# Keystone bowls, what to expect?



## ebs675 (Feb 7, 2009)

This is my second season snowboarding(I'm from the midwest)and I am heading to keystone next week with some friends(mostly skiers). Me an my brother are the only ones riding and we would really like to hike back to one of the bowls. This is something I have wanted to do since I started snowboarding, but I am not sure if I am experienced enough, and do not really know what to expect.

Is anyone familiar with keystone's bowls? If so, what can I expect as an intermediate(second season) rider? Do you think I am jumping in over my head. If not, what are some of the best bowls to start on, for my first time above tree line, at keystone.

Unfortunately, I do not know anyone with experience , so I kind of have to learn all this on my own, by trying new things. I just don't want to get in too far over my head.

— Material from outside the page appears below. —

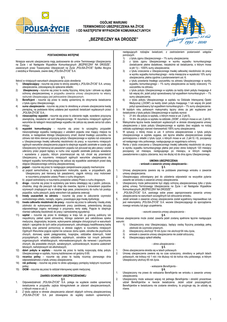 OGÓLNE WARUNKI TERMINOWEGO UBEZPIECZENIA NA ŻYCIE I OD NASTĘPSTW WYPADKÓW KOMUNIKACYJNYCH „BEZPIECZNY NA DRODZE” POSTANOWIENIA WSTĘPNE Niniejsze warunki ubezpieczenia mają zastosowanie do umów Terminowego Ubezpieczenia na Życie i od Następstw Wypadków Komunikacyjnych „BEZPIECZNY NA DRODZE”, zawieranych przez Towarzystwo Ubezpieczeń na Życie „POLISA-ŻYCIE” Spółka Akcyjna z siedzibą w Warszawie, zwane dalej „POLISA-ŻYCIE” S.A. § 1. Ilekroć w niniejszych warunkach ubezpieczenia użyto określenia: 1) Ubezpieczający - rozumie się przez to stronę zawartej z „POLISA-ŻYCIE” S.A. umowy ubezpieczenia, zobowiązaną do opłacania składki; 2) Ubezpieczony - rozumie się przez to osobę fizyczną, której życie i zdrowie są objęte ochroną ubezpieczeniową; w przypadku zawarcia umowy ubezpieczenia na własny rachunek Ubezpieczający jest jednocześnie Ubezpieczonym. 3) Beneficjent - rozumie się przez to osobę uprawnioną do otrzymania świadczenia z tytułu zgonu Ubezpieczonego; 4) suma ubezpieczenia - rozumie się przez to określoną w umowie ubezpieczenia kwotę pieniężną, na podstawie której ustalana jest wysokość świadczeń wypłacanych przez „POLISA-ŻYCIE” S.A.; 5) nieszczęśliwy wypadek - rozumie się przez to zdarzenie nagłe, wywołane przyczyną zewnętrzną, niezależne od woli Ubezpieczonego. W rozumieniu niniejszych ogólnych warunków do kategorii nieszczęśliwego wypadku nie zalicza się zawału serca lub udaru mózgu; 6) wypadek komunikacyjny – rozumie się przez to szczególny przypadek nieszczęśliwego wypadku następujący z udziałem pojazdu oraz mający miejsce na drodze, w następstwie którego Ubezpieczony zmarł, doznał trwałego uszczerbku na zdrowiu lub które stanowi przyczynę pobytu Ubezpieczonego w szpitalu lub orzeczenia u Ubezpieczonego trwałej całkowitej niezdolności do pracy; w rozumieniu niniejszych ogólnych warunków ubezpieczenia pojęcie to obejmuje wypadki zaistniałe w czasie gdy Ubezpieczony był kierowcą lub pasażerem pojazdu lub poruszał się jako pieszy i został uderzony przez pojazd będący w ruchu oraz wypadki zaistniałe podczas wsiadania i wysiadania z pojazdu, którym przemieszczał się lub chciał się przemieścić Ubezpieczony; w rozumieniu niniejszych ogólnych warunków ubezpieczenia do kategorii wypadku komunikacyjnego nie zalicza się wypadków zaistniałych przed datą objęcia Ubezpieczonego ochroną ubezpieczeniową; 7) pojazd – rozumie się przez to następujące zarejestrowane pojazdy mechaniczne: a) pojazd samochodowy (z wyłączeniem motocykla, quada, w przypadkach, gdy Ubezpieczony jest kierowcą lub pasażerem), ciągnik rolniczy oraz motorower w rozumieniu przepisów ustawy Prawo o ruchu drogowym; b) pojazd wolnobieżny w rozumieniu przepisów ustawy Prawo o ruchu drogowym. 8) droga - rozumie się przez to wydzielony pas terenu składający się z jezdni, pobocza, chodnika, drogi dla pieszych lub drogi dla rowerów, łącznie z torowiskiem pojazdów szynowych znajdującym się w obrębie tego pasa, przeznaczony do ruchu lub postoju pojazdów, ruchu pieszych, jazdy wierzchem lub pędzenia zwierząt; 9) trwały uszczerbek na zdrowiu - rozumie się przez to zaburzenie czynności uszkodzonego układu, narządu, organu, powodujące jego trwałą dysfunkcję; 10) trwała całkowita niezdolność do pracy - rozumie się przez to całkowitą i trwałą utratę zdolności do wykonywania jakiejkolwiek pracy zarobkowej, potwierdzoną decyzją odpowiedniego organu rentowego o przyznaniu renty stałej. Pojęcie to obejmuje również całkowitą niezdolność do pracy i samodzielnej egzystencji; 11) szpital – rozumie się przez to działający w kraju lub za granicą publiczny lub niepubliczny zakład opieki zdrowotnej, którego zadaniem jest całodobowa opieka medyczna, diagnostyka, leczenie, wykonywanie zabiegów chirurgicznych w warunkach stałych i specjalnie do tych celów przystosowanych, zatrudniający kwalifikowaną kadrę lekarską oraz personel pomocniczy w okresie ciągłym; w rozumieniu niniejszych Ogólnych Warunków pojęcie szpital nie oznacza: domu opieki, ośrodka dla psychicznie chorych, domowej opieki pielęgniarskiej, hospicjów, oddziałów dziennych, hoteli przyszpitalnych; a także oddziałów szpitalnych, ośrodków lub innych jednostek organizacyjnych: rehabilitacyjnych, rekonwalescencyjnych, dla nerwowo i psychicznie chorych, dla przewlekle chorych, sanatoryjnych, uzdrowiskowych, leczenia uzależnień lekowych, narkotykowych lub alkoholowych; 12) dzień pobytu w szpitalu - rozumie się przez to każdą rozpoczętą dobę pobytu Ubezpieczonego w szpitalu, liczoną każdorazowo od godziny 0:00; 13) rocznica polisy – rozumie się przez to każdą rocznicę pierwszego dnia odpowiedzialności z tytułu umowy ubezpieczenia; 14) rok polisowy – rozumie się przez to okres upływający pomiędzy kolejnymi rocznicami polisy; 15) OIOM – rozumie się przez to oddział intensywnej opieki medycznej. 3. 4. 5. 6. 1. 2. 3. 4. 5. 1. 2. UMOWA UBEZPIECZENIA - wniosek o zawarcie umowy ubezpieczenia § 3. Umowę ubezpieczenia zawiera się na podstawie pisemnego wniosku o zawarcie umowy ubezpieczenia. Ubezpieczający zobowiązany jest do udzielenia odpowiedzi na wszystkie pytania zawarte we wniosku o zawarcie umowy ubezpieczenia. Ubezpieczony może jednocześnie być objęty ochroną ubezpieczeniową tylko z tytułu jednej umowy Terminowego Ubezpieczenia na Życie i od Następstw Wypadków Komunikacyjnych „BEZPIECZNY NA DRODZE”. „POLISA-ŻYCIE” S.A. zastrzega sobie prawo zaproponowania zawarcia umowy ubezpieczenia na warunkach szczególnych lub odrzucenia wniosku. Jeżeli wniosek o zawarcie umowy ubezpieczenia został wypełniony nieprawidłowo lub jest niekompletny „POLISA-ŻYCIE” S.A. wezwie Ubezpieczającego do sporządzenia nowego wniosku lub jego uzupełnienia. - warunki zawarcia umowy ubezpieczenia § 4. Umowa ubezpieczenia może zostać zawa

Any tips, advice, or warnings would be very appreciated.

-eBs


----------



## Guest (Jan 4, 2010)

There's not enough snow yet IMO


----------



## Milo303 (Apr 6, 2009)

ThirdEye said:


> There's not enough snow yet IMO


Truth right here


----------



## killclimbz (Aug 10, 2007)

We are starting to get more consistent snow fall and bowls are open at some of the other resorts. Most notably, Winterpark. So you may get lucky. As far as experience goes. It's a ski run at a ski resort and Keystone ain't Squaw Valley or Jackson Hole. Worse comes to worse, you'll just spend a lot of time on your ass trying to get down the run. Probably won't be that bad. Just go out there and give it a try. If you like it, you'll do it again. If it's too much for you, I'm sure you'll move on to a spot that is more to your liking.


----------



## BurtonAvenger (Aug 14, 2007)

I wouldn't expect much it's not even worth the hike, go up to A basin and just do the cornice or hitch hike up Loveland and drop in off the side of the road.


----------